▶ Material for the task
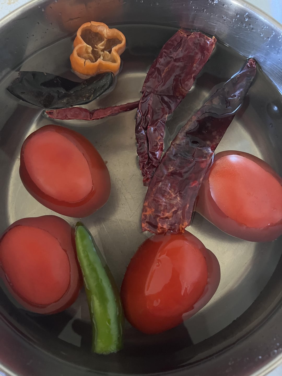 4 Roma 1 Serrano 2 California chiles 1 guajillo chile 1 chile de arbol 1 habanero 1 quarter onion 3 roasted garlic cloves 2 tablespoons chicken bouillon 1 fried corn tortilla Quarter cup waterBoiled then blended by ravenstar333 Dining and Cooking
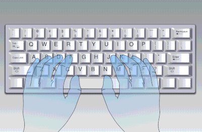 De vingers blijven dus steeds in de uitgangspositie, dus op de f en j.
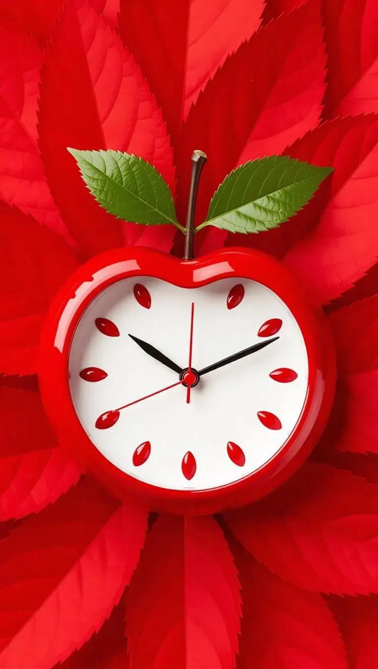 A whimsical clock shaped like a half cherry, with seed-shaped hour markers, resting on a vibrant red leafy backdrop, exuding a refreshing and playful summer vibe.
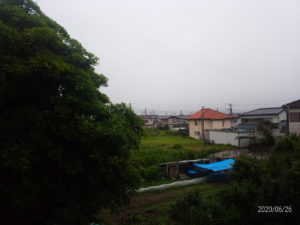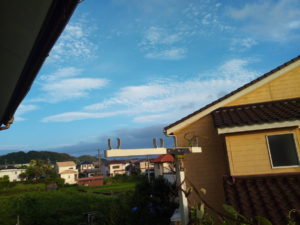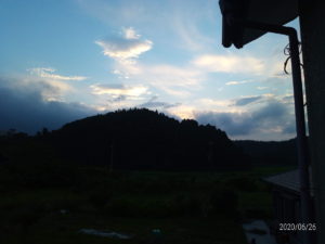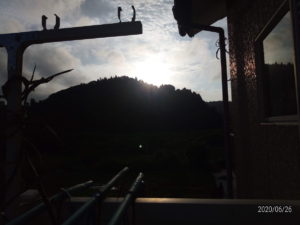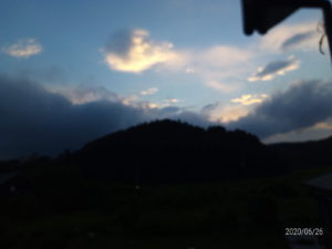5時8分の空は海側の山には霧が掛かって居ます。ホトトギスが近くを飛んでいて、ヨシキリの賑やかな声が響いて居ます。
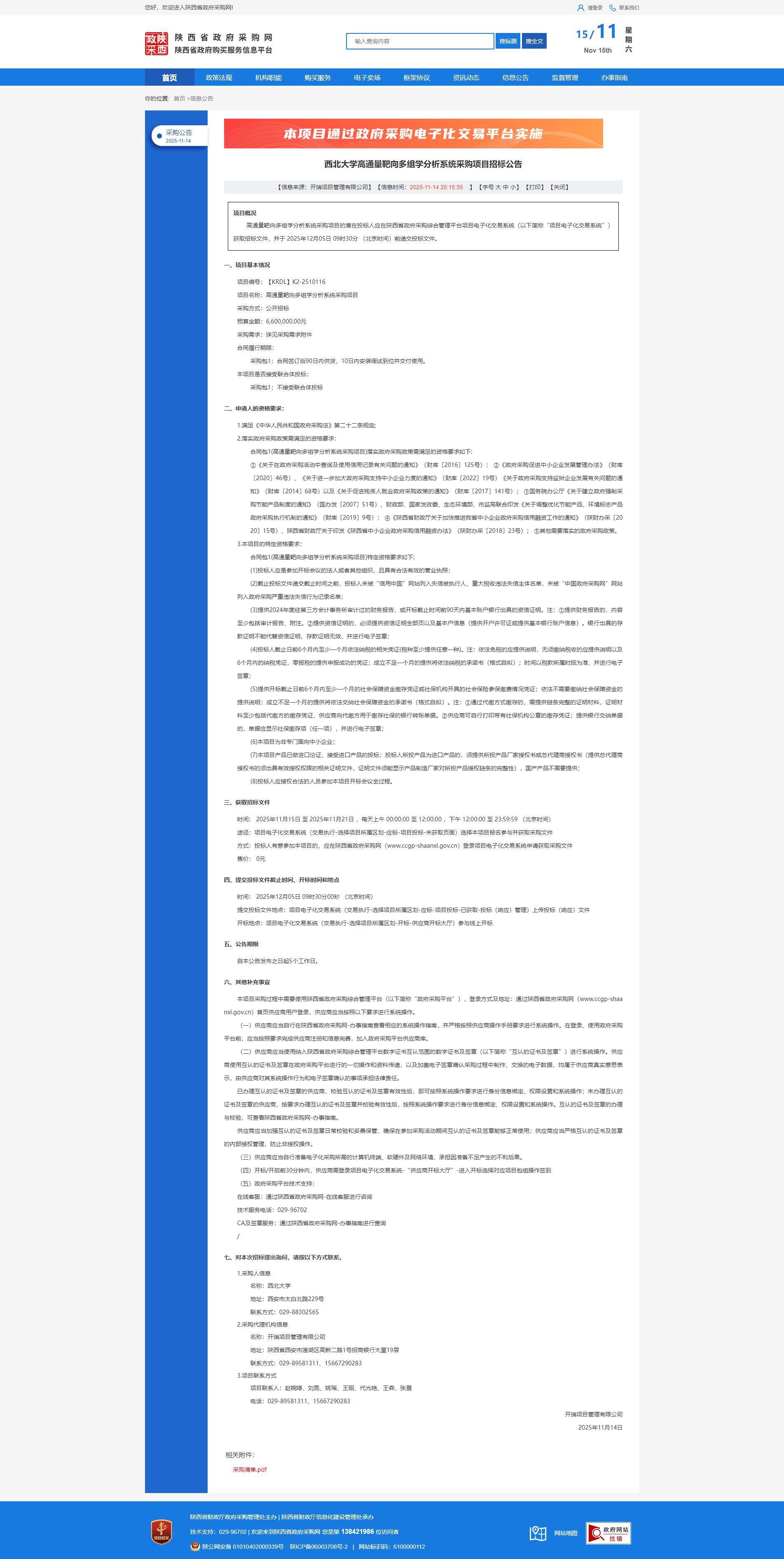 米兰买球高通量靶向多组学分析系统采购项目招标公告
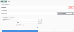 I have the following Openapi document: { "info": { "description": "This document shows strange behavior in swagger ui", "title": "This document shows a strange behavior in swagger ui", "version": "0.0.0" }, "openapi": "3.0.0", "paths": { "/post": { "post": { "description": "Upload multiple files", "requestBody": { "content": { "multipart/form-data": { "schema": { "properties": { "inputResources": { "items": { "type": "string" }, "type": "array" } }, "type": "object" } } }, "description": "Multipart body to upload files" } } }, }, "servers": [ { "url": "https://httpbin.org" } ] } I want to display it with Swagger UI so I created the following HTML page: <script src="https://unpkg.com/swagger-ui-dist@3/swagger-ui-bundle.js"></script> <script src="https://unpkg.com/swagger-ui-dist@3/swagger-ui-standalone-preset.js"> </script> <script> window.onload = function() { const ui = SwaggerUIBundle({ url: "path/to/above/document", validatorUrl : null, dom_id: '#swagger-ui', deepLinking: true, }) window.ui = ui } </script> <div id="swagger-ui"></div> I get a nice display of my request However when I execute it the following multipart body is sent: ------WebKitFormBoundaryzRaOvYA1aX8T4BXu Content-Disposition: form-data; name="inputResources" ewrr,eeee ------WebKitFormBoundaryzRaOvYA1aX8T4BXu-- As you see the strings are just comma-separated which is not a valid way to encode an array of strings in a multipart body. I would expect a part for each string element to be created like that: ------WebKitFormBoundaryzRaOvYA1aX8T4BXu Content-Disposition: form-data; name="inputResources" ewrr ------WebKitFormBoundaryzRaOvYA1aX8T4BXu Content-Disposition: form-data; name="inputResources" eeee ------WebKitFormBoundaryzRaOvYA1aX8T4BXu-- Even worse when I change the format of the inputResources property to binary to send files instead. "inputResources": { "items": { "format": "binary", "type": "string" }, "type": "array" } This changes the multipart body to the following: ------WebKitFormBoundary5OvyKi6BDAuPKnFm Content-Disposition: form-data; name="inputResources" [object File],[object File] ------WebKitFormBoundary5OvyKi6BDAuPKnFm-- Again I would have expected two parts with the respective file's binary content. Am I assuming correctly that Swagger UI simply does not support arrays yet in multipart request bodies? Or did I do something wrong? Kind regards, NeidhartManaging Multiple Auth Methods in Swagger UI
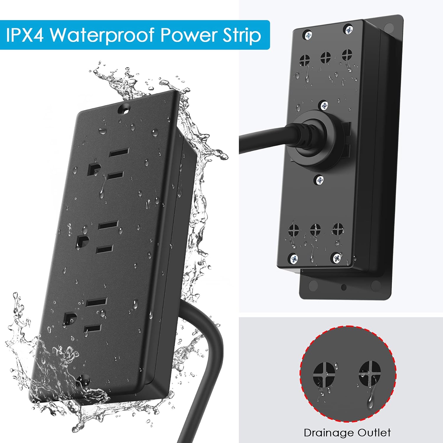 - IPX4 Waterproof Power Strip :IPX4 waterproof and electric Shockproof,suitable for high humidity,can be use indoors or outdoor,prevent short circuit or electrics shock and other safety issues caused by water splash or shower.
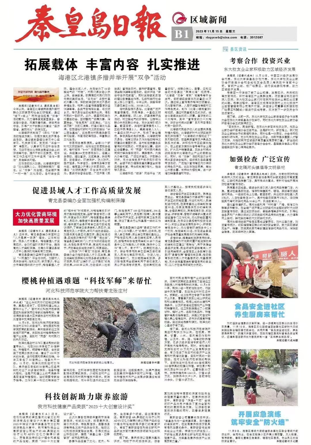 2023年11月15日,《秦皇岛日报》B1版以《樱桃种植遇难题 “科师军师”来帮忙 best365中国官方网站大力帮扶青龙张庄村》为题,报道best365教师在驻张庄村工作队邀请下,前往帮扶种植产业发展。全文如下
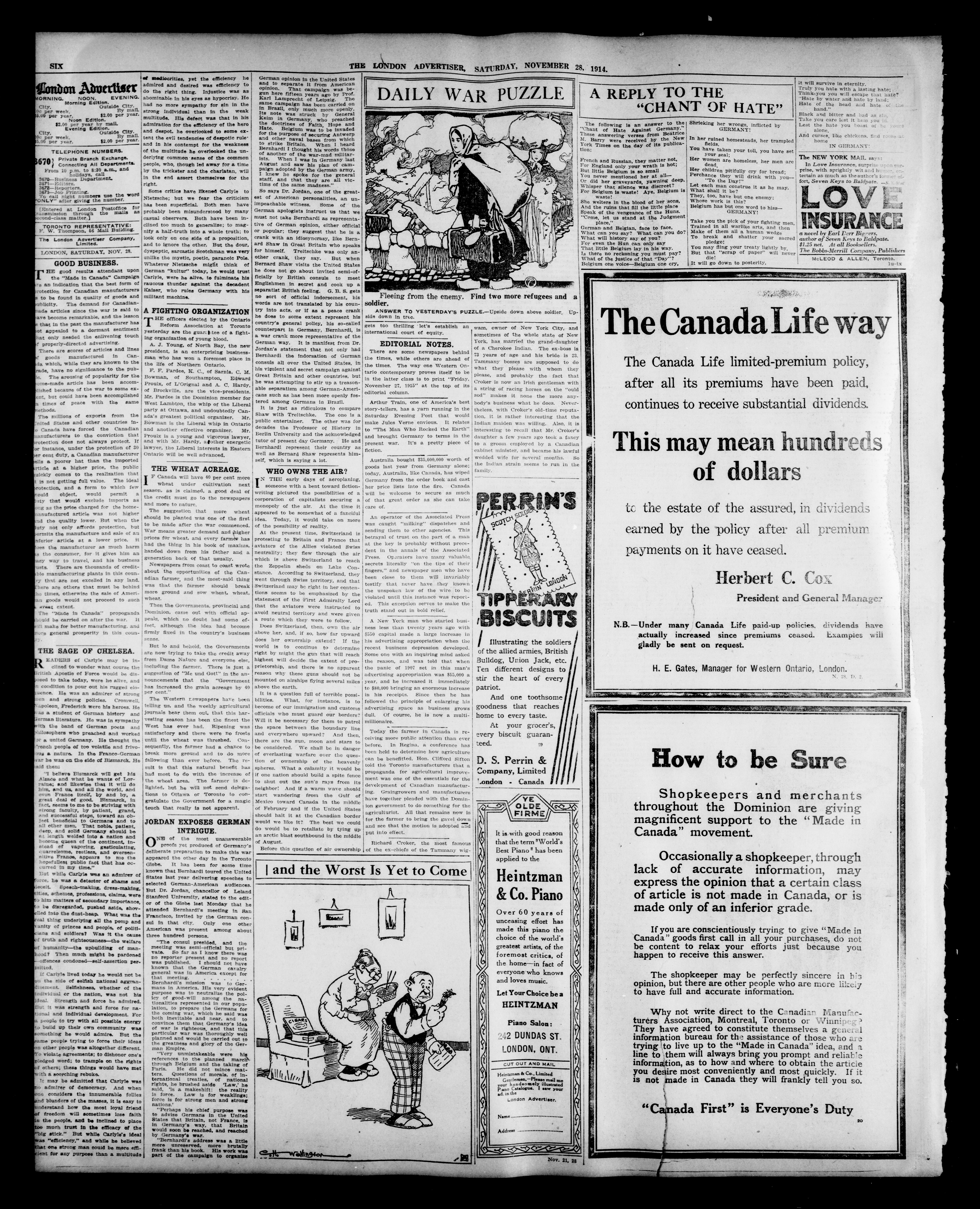 - The London Advertiser : 52nd Year, No. 22201 (November 28, 1914)
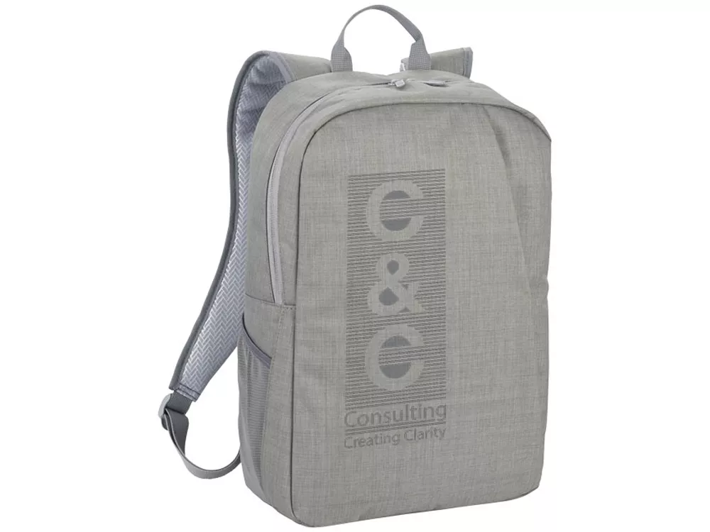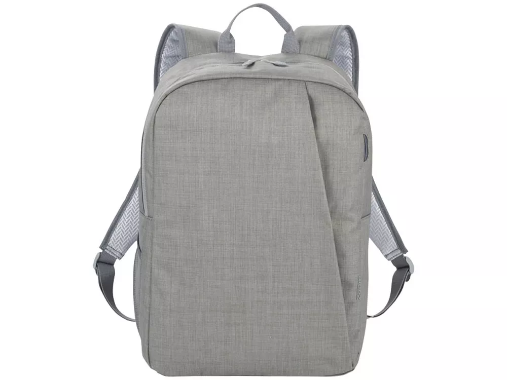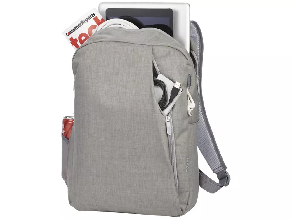 Рюкзак Zip для ноутбука 15. Гладкая ткань с серо/серебряными акцентами. Подкладка с лого Zoom® и отверстие для шнура. Основное отделение с карманом для ноутбука до 15,6. Карман из сетки и два дополнительных кармана для повербанка или телефона. Уплотненная спинка и шлейки, стропа для крепления к чемодану. Брендинг Zoom® и акценты. Полиэстер 210D. Термотрансфер (1 цвет (цветные изделия)) на данный товар осуществляется бесплатно. Оплачивается только настройка оборудования в размере 9200 рублей на весь тираж.

▶ What you will do
From the first line above down to the line with "米兰买球高通量靶向多组学分析系统采购项目招标公告", reproduce every line and no others, omitting pictures.

▶ Solution below
 4 Roma 1 Serrano 2 California chiles 1 guajillo chile 1 chile de arbol 1 habanero 1 quarter onion 3 roasted garlic cloves 2 tablespoons chicken bouillon 1 fried corn tortilla Quarter cup waterBoiled then blended by ravenstar333 Dining and Cooking
 De vingers blijven dus steeds in de uitgangspositie, dus op de f en j.
 A whimsical clock shaped like a half cherry, with seed-shaped hour markers, resting on a vibrant red leafy backdrop, exuding a refreshing and playful summer vibe.
5時8分の空は海側の山には霧が掛かって居ます。ホトトギスが近くを飛んでいて、ヨシキリの賑やかな声が響いて居ます。
 米兰买球高通量靶向多组学分析系统采购项目招标公告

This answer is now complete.